DIRECTIONS –
Once you find the line with "一方面,宿主细胞主动性凋亡引" in the entries below, print it and each line after it up to and including the line with "RETRO CANDY YUM", exactly, without pictures.

DATA FOR THIS EXERCISE –
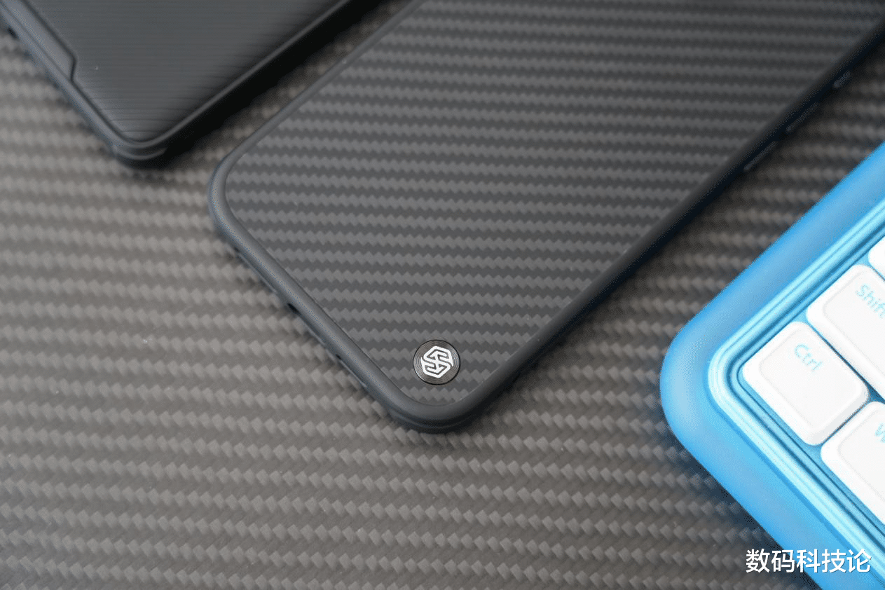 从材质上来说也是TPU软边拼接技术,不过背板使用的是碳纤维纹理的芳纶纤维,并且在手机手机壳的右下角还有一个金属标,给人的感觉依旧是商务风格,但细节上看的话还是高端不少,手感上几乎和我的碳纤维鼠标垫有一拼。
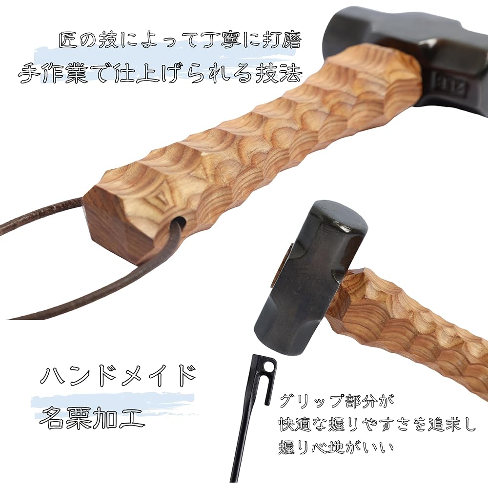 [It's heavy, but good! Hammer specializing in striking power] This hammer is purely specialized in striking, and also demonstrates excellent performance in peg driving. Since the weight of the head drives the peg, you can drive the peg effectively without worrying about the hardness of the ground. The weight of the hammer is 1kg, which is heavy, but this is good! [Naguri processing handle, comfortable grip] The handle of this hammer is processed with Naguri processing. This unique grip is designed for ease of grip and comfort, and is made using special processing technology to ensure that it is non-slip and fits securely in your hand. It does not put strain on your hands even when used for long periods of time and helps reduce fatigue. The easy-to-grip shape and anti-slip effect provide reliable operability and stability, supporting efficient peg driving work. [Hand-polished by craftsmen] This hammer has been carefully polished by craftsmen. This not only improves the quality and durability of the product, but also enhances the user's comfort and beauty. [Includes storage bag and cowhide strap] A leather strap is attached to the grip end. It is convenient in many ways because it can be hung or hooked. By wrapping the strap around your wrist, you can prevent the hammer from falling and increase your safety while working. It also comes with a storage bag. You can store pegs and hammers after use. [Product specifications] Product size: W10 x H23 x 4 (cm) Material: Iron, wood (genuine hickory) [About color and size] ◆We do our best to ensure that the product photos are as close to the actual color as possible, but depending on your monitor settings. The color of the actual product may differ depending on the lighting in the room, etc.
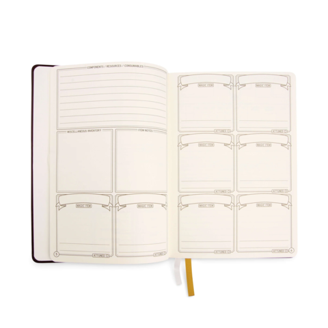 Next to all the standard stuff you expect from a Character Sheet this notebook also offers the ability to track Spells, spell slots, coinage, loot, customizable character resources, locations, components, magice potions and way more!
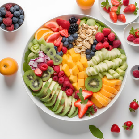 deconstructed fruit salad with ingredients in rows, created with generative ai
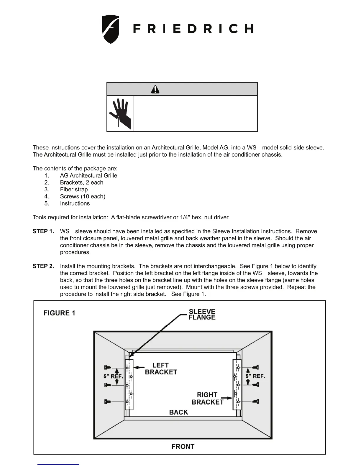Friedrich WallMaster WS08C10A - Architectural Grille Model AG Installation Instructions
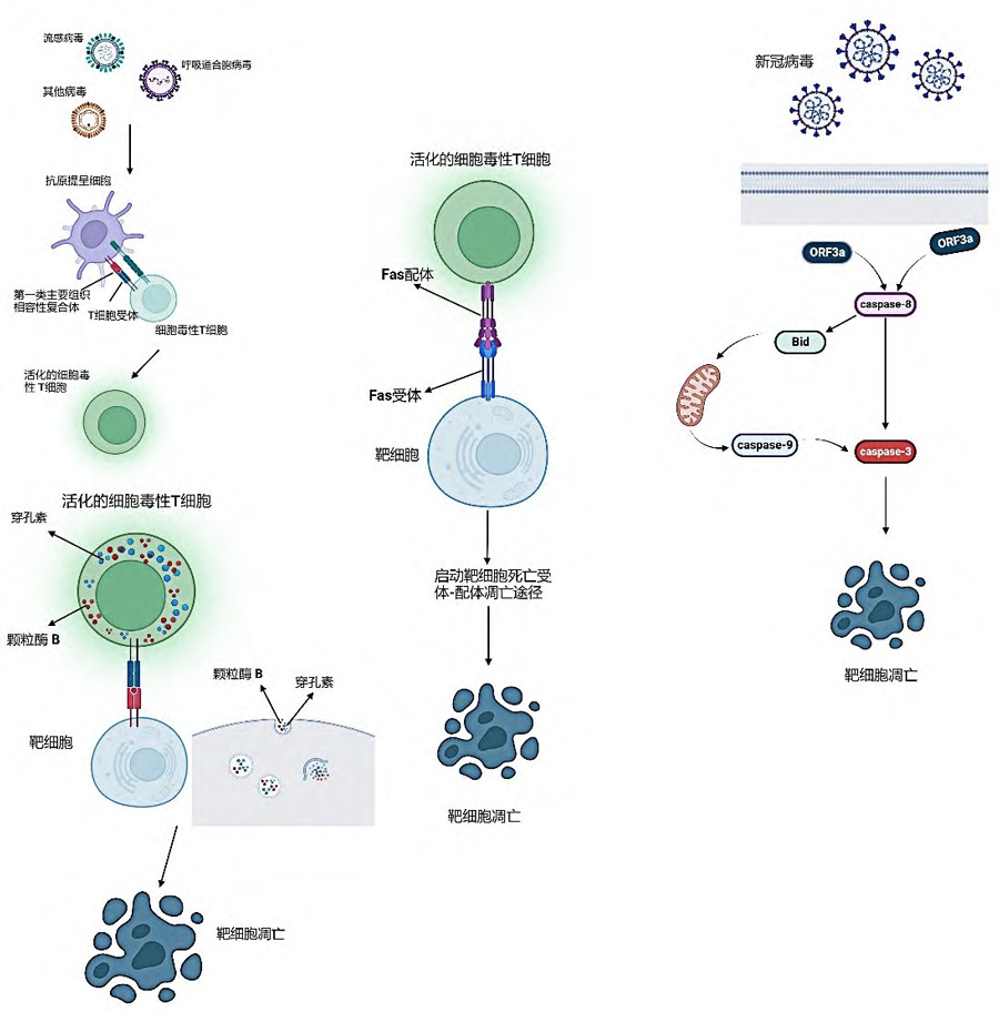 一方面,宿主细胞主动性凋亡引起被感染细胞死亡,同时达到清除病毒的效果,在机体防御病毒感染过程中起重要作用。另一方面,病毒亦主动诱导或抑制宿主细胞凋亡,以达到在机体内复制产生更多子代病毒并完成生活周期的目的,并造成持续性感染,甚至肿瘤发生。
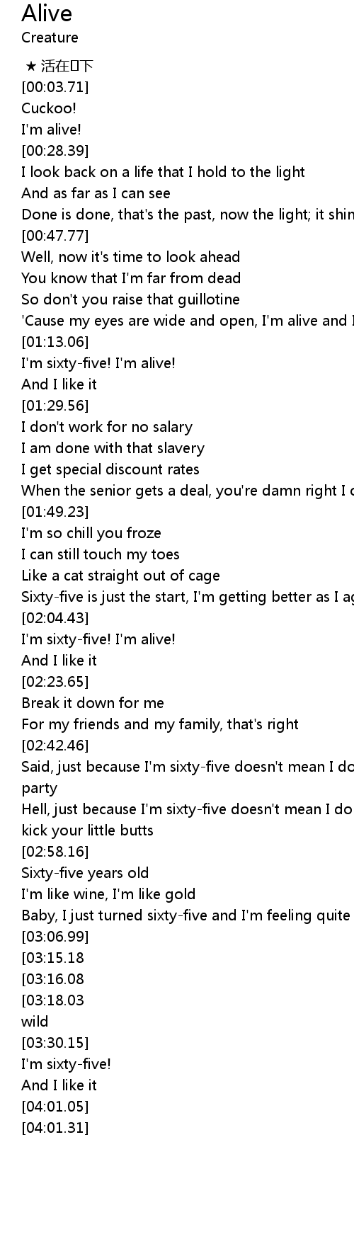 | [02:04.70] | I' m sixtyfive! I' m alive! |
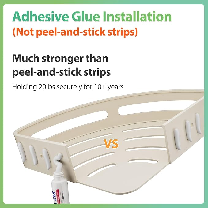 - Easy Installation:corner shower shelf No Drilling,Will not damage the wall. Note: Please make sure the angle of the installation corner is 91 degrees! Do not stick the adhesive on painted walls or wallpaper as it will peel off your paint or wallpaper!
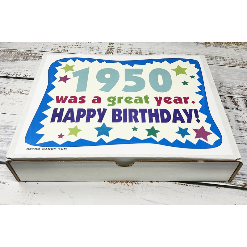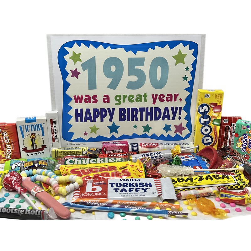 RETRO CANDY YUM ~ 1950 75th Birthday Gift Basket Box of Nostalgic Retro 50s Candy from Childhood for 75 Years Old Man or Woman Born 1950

==

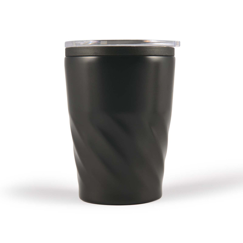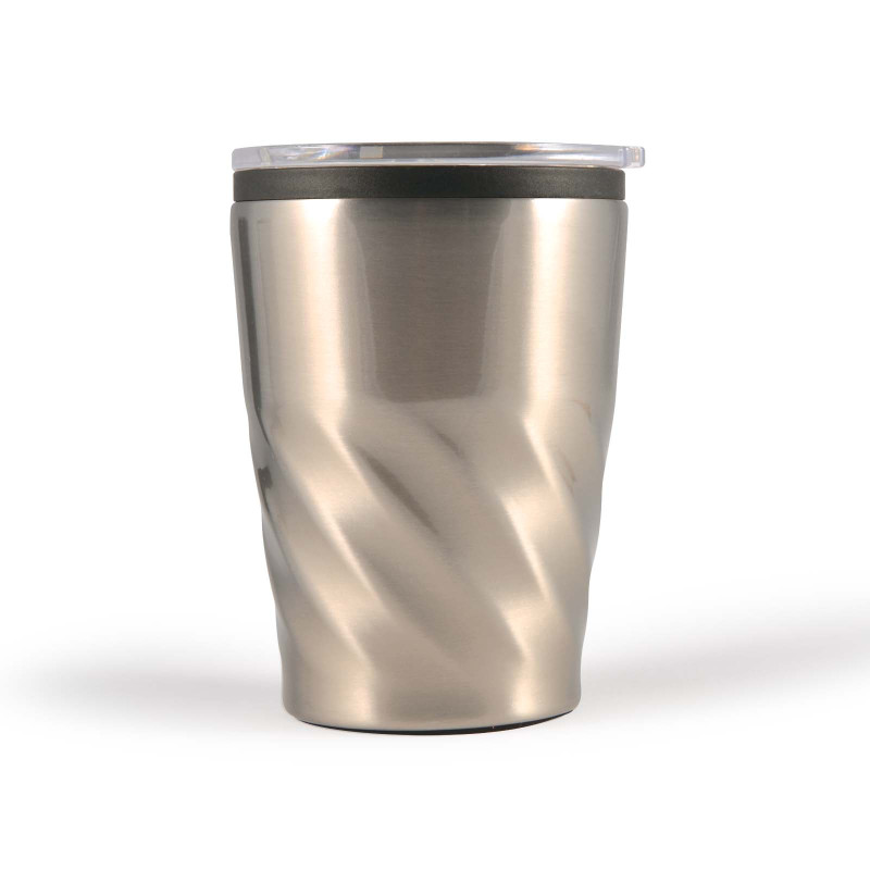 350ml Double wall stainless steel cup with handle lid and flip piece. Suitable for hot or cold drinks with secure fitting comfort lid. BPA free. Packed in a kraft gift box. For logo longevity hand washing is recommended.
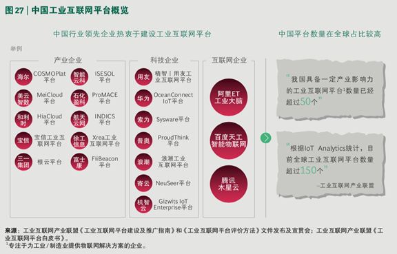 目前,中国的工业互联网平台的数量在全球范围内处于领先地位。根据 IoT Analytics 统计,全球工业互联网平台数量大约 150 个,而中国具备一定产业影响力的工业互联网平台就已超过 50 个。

---

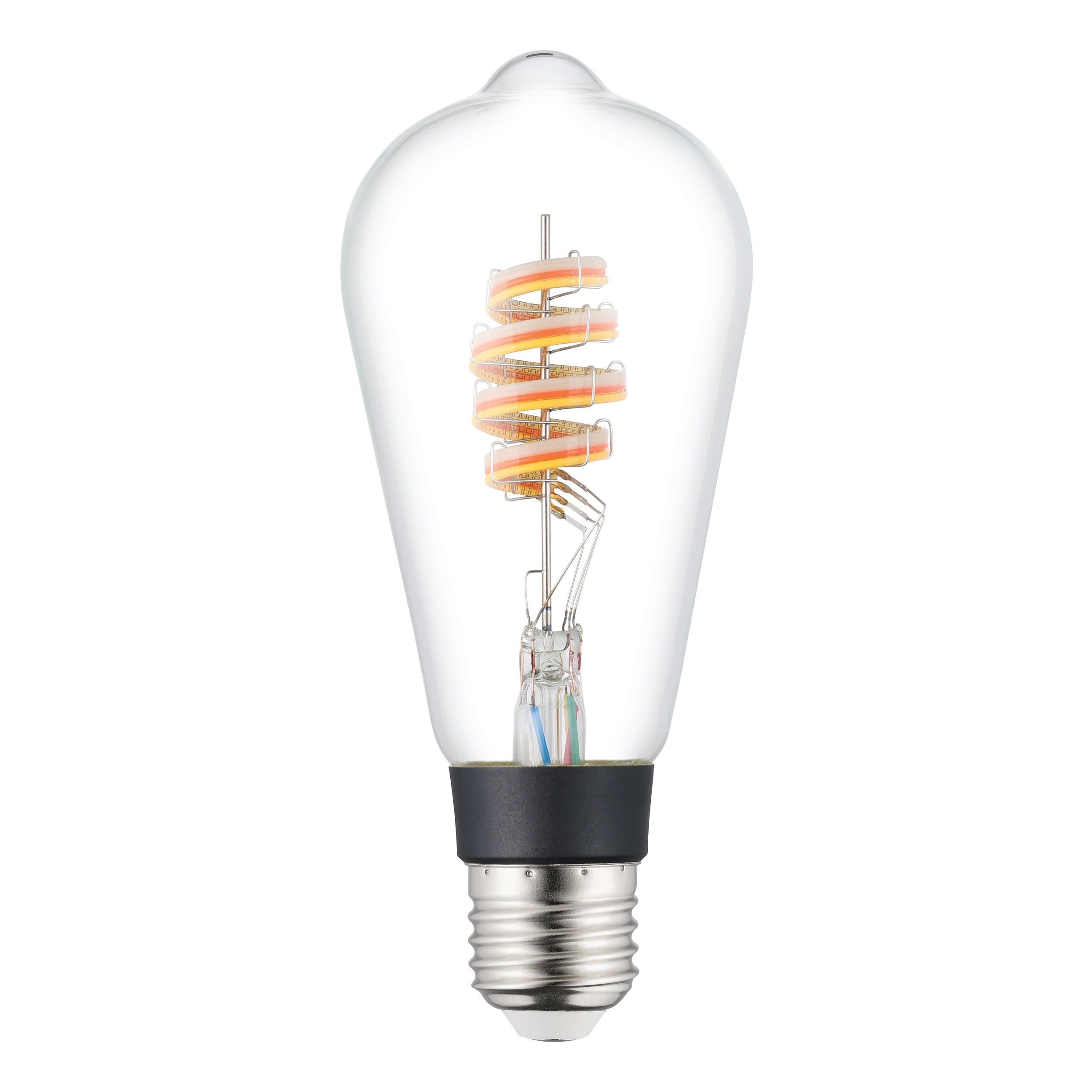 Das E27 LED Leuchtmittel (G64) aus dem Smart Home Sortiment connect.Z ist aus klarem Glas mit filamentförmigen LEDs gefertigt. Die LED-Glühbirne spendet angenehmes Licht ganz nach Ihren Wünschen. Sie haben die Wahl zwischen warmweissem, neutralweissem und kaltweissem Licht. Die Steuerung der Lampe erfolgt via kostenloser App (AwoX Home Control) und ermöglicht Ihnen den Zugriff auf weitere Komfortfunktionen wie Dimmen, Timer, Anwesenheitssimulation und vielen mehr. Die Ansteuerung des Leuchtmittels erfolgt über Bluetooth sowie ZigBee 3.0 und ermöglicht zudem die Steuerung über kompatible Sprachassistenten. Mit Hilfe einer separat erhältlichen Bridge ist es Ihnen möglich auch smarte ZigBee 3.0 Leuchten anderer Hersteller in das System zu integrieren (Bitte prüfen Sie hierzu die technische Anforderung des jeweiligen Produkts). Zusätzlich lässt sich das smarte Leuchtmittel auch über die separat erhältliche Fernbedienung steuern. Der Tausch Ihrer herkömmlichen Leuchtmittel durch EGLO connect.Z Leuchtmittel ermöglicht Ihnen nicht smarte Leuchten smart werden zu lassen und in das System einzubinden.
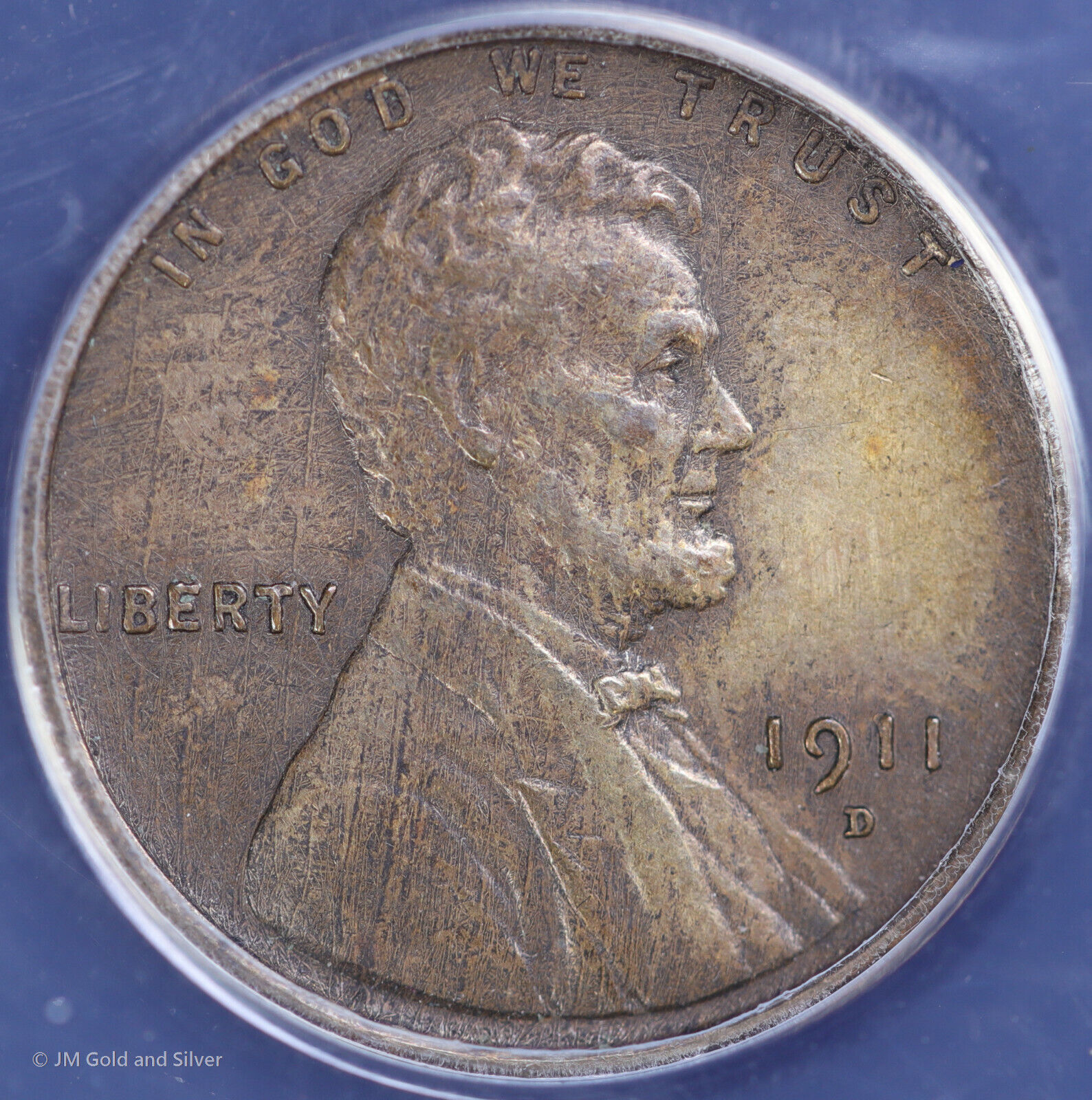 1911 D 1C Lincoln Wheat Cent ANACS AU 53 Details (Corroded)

COMPLETED EXERCISE –
 一方面,宿主细胞主动性凋亡引起被感染细胞死亡,同时达到清除病毒的效果,在机体防御病毒感染过程中起重要作用。另一方面,病毒亦主动诱导或抑制宿主细胞凋亡,以达到在机体内复制产生更多子代病毒并完成生活周期的目的,并造成持续性感染,甚至肿瘤发生。
 | [02:04.70] | I' m sixtyfive! I' m alive! |
 - Easy Installation:corner shower shelf No Drilling,Will not damage the wall. Note: Please make sure the angle of the installation corner is 91 degrees! Do not stick the adhesive on painted walls or wallpaper as it will peel off your paint or wallpaper!
 RETRO CANDY YUM ~ 1950 75th Birthday Gift Basket Box of Nostalgic Retro 50s Candy from Childhood for 75 Years Old Man or Woman Born 1950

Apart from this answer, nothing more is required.